Where seldom is heard a disparaging* word…

I was going to talk about Jane in the Land Army, but I’m distracted today by hearing about the daughter of friends, a girl about Ro’s age who got married a year or so ago, who is heavily pregnant and quite ill.  The baby is due at Christmas, but the mother-to-be has a thrombosis which can’t be treated fully until the baby has been delivered, but they’re reluctant to operate because of the extra risk incurred with the DVT.  But she’s feeling so exhausted and unwell that her mother hardly feels she’s capable of going through labour.  I can only begin to imagine how anxious they must all be and I’m so sorry for them.

I did my normal ineffectual-blue-arsed-fly impression this morning, though all started well.  Elle was planning to go to Norwich with a friend, but Sie (you see, Elle’s name starts with L and Sie’s with C.  Clever, eh?) has been ill with a stomach bug the last few days so it seemed unlikely to happen.  So I said I’d take Elle and she could get the bus back.  But we were just about to leave when we got the message that Sie was better and would come after all.  So I relaxed and didn’t do anything for a bit.  I was just about to leave for church when another phone call came.  Sie couldn’t find her way through Yagnub, because the road was closed for the annual Christmas Fair.  It was simpler to take Elle into town than describe how to get through it (round the roundabout, down Bridge Street, left into Nethergate Street, left into Broad Street, right into Popson Street, across the junction into Scale Street, left into Outney Road and turn right over the bridge).  We went out and I locked up.  Oh!  I’d forgotten the milk and biscuits.  I unlocked and went back for them.  Driving into town, I remembered I’d forgotten my clarinet too.  So I had to go back after dropping Elle off and fetch it.  Arriving at the church (the adjoining church rooms are used in the winter to save on heating costs) at 10.55 for an 11 o’clock service when you’ve coffee to prepare for and music to set up is cutting it fine, but people always help, don’t they?  And one of the hymns had a tune I wasn’t expecting and had never played (I was mixing it up with another one), so it might have been a good idea to look at the music in advance.  Still, no matter.  I may not be much of a clarinettist these days, but I can sight-read a hymn.  Aberystwyth, if you’re wondering.  I’d rather play it than spell it, in truth.

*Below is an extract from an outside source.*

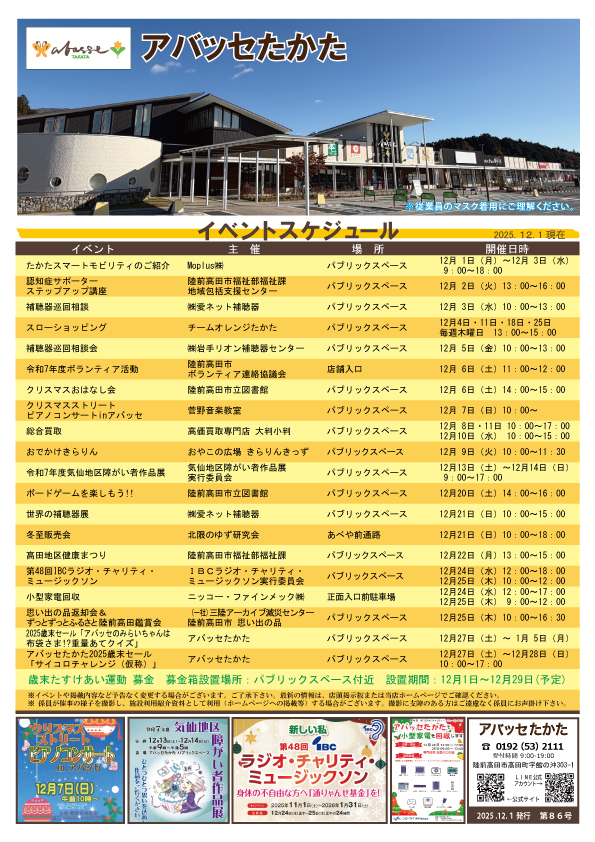 印刷はこちらから ➡ アバッセたかた【今月のイベント】2025年12月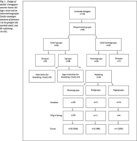 Resultater: I alt 85 mænd (56%) indvilligede i at deltage. Niogtyve blev randomiseret til kontrolgruppen og 56 til I-gruppen. Otte gennemførte ikke testningen efter et år. En motionsgruppe på 29 blev vejledt i aerob fysisk aktivitet tre gange om ugen, en kostgruppe på 11 blev undervist med henblik på at reducere indtaget af mættede fedtsyrer og forøge indtaget af frugt og fisk, og 16 rygere blev anbefalet rygestop. I alt 40 blev anbefalet en eller flere livsstilsændringer, og otte havde ikke behov for ændringer. Blandt de 40 var 34 villige til at forsøge. Sammenholdt med kontrolgruppen steg konditionstallet (p<0,01) og kropsvægten blev mindsket i I-gruppen. HDL-kolesterol steg (p<0,001), og triglyceriderne faldt (p<0,05), men dette var insignifikant i forhold til kontrolgruppen.

And then I made coffee and someone else washed up while I dried and we debated whether anyone would come to the 8 o’clock service next week and whether to cancel it.  Enquiries will be made and I’ll be told.

We said goodbye to Anthony and Sally, who are moving to Devon.  They are lovely friends and we’ll miss them a lot.  I know few people as kind and can’t imagine anyone kinder.  I’ve never heard them say a disparaging word about anyone.

*I know, it’s not a quote.

7 comments on “Where seldom is heard a disparaging* word…

  1. mig

    How awful for the girl and her family. It’s awful how things just stack up against people sometimes.

    Sight reading in public! Very impressive.

  2. Mike and Ann

    And the skies certainly weren’t cloudy today (to misquote slightly). .We were so sorry to hear about your friend’s daughter. What a nightmarish time to have to go through. Ann says “lots of prayers”. I take it the girl is in hospital? Seems the safest place. Any way, as Ann says – she’s in our thoughts and prayers.

  3. Z

    It’s completely unexpected, she’s in her 20s, neither over nor underweight, no previous health problems. She’s not in hospital at present, she is getting a lot of rest at home though.

    I have no shame, that’s the main thing. And it’s just hammering out a tune, no big deal.

    I’m saving Elsie for the next girl I talk about. After that – how’s your Italian?

  4. allotmentqueen

    So sorry to hear about your friends’ daughter. I’ll be thinking of her. Please let us know how she gets on.

    I have a friend who’s nearly 40 so an elderly ‘prima gravida’ (as I was). Her baby was due at the end of January but 10 days ago she was admitted with pre-eclampsia and within 36 hours she’d had an emergency section at 4am. The baby’s not feeding very well but otherwise ok.

    All of my children were early, all by section, two were in special care, my womb is clearly not such a good place to be!

    Medical care has got so much better now that I’m sure she’ll get the best possible treatment.

  5. Pat

    And the skies are not cloudy all day. Is that the next line?
    I think Mrs miniver may be morphing into Mrs Feather – both great gals:)
    Everything crossed for the expectant Mum.

  6. Z

    I will, as soon as I have news.

    It’s struck me that antenatal care is more casual than it was in my day. When I was pregnant, I went to the doctor and the hospital alternate fortnights, and now months go by without routine appointments, so problems may not be picked up so quickly, or so it seems to me.